How to Ablate Ventricular Tachycardia/Ventricular Fibrillation in Patients with the Brugada Syndrome

53


How to Ablate Ventricular Tachycardia/Ventricular Fibrillation in Patients with the Brugada Syndrome


Frédéric Sacher, MD, PhD; Mélèze Hocini, MD; Ruairidh Martin, MD; Gregoire Massoulie, MD; Arnaud Denis, MD; Arnaud Chaumeil, MD; Thomas Pambrun, MD; Nicolas Derval, MD; Pierre Jaïs, MD; Michel Haïssaguerre, MD


Introduction


Historically, individuals with Brugada syndrome (BrS) have been thought to have normal hearts,1 despite reports to the contrary in sporadic cases.2,3 Therefore, ablation to suppress ventricular fibrillation (VF) in the context of BrS has aimed at targeting premature ventricular contractions (PVCs)4,5 as well as idiopathic VF.5 Nagase et al.,6 however, described abnormal epicardial right ventricular outflow tract (RVOT) electrograms (EGMs) recorded via the conus branch of the right coronary artery in BrS patients, and subsequently, with the development of epicardial access and mapping for ventricular tachycardia (VT) ablation, Nademanee et al.7 clearly identified a VF substrate that could be abolished by radiofrequency (RF) ablation. In light of these results, ablation is now considered to have a class IIb indication for the treatment of recurrent VF in the context of BrS.8,9 In this chapter, we will describe both the trigger ablation approach and the now more common substrate approach to ablation of VF in BrS patients.


The Trigger Approach


Background


Haïssaguerre et al.5 showed that idiopathic VF could be eliminated by ablation of the triggering PVCs in a manner analogous to ablation of focal triggers for atrial fibrillation (AF).10 Kakishita et al.11 showed that in patients with BrS, PVCs were frequent before the onset of VF and of almost identical morphology to the PVCs that triggered VF. They also reported that in the case of multiple VF episodes, the initiating PVCs of each episode of VF had similar morphologies in the same patient. They rarely identified a short-long-short sequence before VF initiation, and the coupling interval of the initiating PVC was not so short as to intrude on the T wave. The site of origin was almost exclusively in the right ventricle (RV) (mainly the RVOT free wall) except in the case of 1 patient in the series of Morita et al.12 In our experience, initiating PVCs largely arise from the RVOT but are also seen to originate from the RV free wall and the right-sided Purkinje network.
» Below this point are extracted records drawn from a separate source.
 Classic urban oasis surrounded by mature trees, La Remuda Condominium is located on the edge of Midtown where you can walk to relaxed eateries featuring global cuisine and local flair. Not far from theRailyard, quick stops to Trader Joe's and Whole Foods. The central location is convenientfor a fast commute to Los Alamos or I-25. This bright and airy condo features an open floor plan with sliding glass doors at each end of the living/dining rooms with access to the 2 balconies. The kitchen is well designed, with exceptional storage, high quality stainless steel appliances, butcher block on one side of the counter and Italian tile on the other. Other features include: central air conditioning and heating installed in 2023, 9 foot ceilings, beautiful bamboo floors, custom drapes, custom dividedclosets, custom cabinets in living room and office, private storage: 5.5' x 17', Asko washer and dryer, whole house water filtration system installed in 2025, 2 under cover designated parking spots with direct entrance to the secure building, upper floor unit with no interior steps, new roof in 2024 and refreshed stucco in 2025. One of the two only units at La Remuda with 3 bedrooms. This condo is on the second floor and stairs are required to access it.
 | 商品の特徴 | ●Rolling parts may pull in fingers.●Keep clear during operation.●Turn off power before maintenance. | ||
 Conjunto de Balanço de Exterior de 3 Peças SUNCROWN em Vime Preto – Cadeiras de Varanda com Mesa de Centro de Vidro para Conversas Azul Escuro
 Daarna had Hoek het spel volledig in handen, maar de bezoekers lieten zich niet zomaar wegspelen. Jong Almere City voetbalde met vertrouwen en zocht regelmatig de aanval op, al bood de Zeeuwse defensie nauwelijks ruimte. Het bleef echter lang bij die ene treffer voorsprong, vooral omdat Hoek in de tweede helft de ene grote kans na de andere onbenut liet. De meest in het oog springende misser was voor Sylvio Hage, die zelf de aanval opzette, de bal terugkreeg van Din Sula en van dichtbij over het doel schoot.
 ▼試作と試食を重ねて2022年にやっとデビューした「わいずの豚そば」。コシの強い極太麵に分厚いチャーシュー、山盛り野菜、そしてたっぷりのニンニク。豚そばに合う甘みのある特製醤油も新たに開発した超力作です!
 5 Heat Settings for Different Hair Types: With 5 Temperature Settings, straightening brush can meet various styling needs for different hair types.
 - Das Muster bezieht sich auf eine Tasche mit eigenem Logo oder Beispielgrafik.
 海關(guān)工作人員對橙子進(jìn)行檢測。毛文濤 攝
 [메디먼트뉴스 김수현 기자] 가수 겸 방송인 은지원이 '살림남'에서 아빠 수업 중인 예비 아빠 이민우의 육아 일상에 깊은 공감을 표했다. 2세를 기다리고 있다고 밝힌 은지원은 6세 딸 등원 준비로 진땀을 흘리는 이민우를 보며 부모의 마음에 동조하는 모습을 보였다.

In clinical practice, it is rare to record PVC triggers on the 12-lead ECG or in the electrophysiological (EP) laboratory in patients with BrS. This approach is therefore limited to patients with frequent PVCs, particularly since the development of epicardial substrate-based ablation.


Preprocedural Planning


PVCs that trigger VF are often seen only in the period surrounding arrhythmic events, and even in this period they are usually infrequent. It is therefore crucial to have 12-lead ECG recordings of PVCs before the procedure (Figure 53.1). Long-duration ECG recordings or 12-lead Holter monitoring should be performed immediately after VF episodes to allow PVCs to be recorded. In order to match PVC morphologies, it is essential that during PVC recording, electrode positions are identical to those used in the electrophysiology (EP) laboratory. To allow this, the EP procedure must be scheduled as soon as possible after the arrhythmic event. In our experience, PVCs always arise from the RV—either from the RVOT, from lower on the ventricular free wall, or from the right Purkinje network.



image


Figure 53.1 PVCs recorded on 12-lead ECGs in patients with BrS and recurrent VF who were referred for ablation. Panel A shows 2 different isolated PVCs coming from the RVOT and the RV free wall. Panel B shows an isolated PVC that has the same morphology as the PVC triggering VF. Panel C shows 2 different PVC morphologies (RVOT and RV free wall) in the same patient. Finally, Panel D shows a right Purkinje fiber–related PVC triggering VF in a fourth patient with BrS.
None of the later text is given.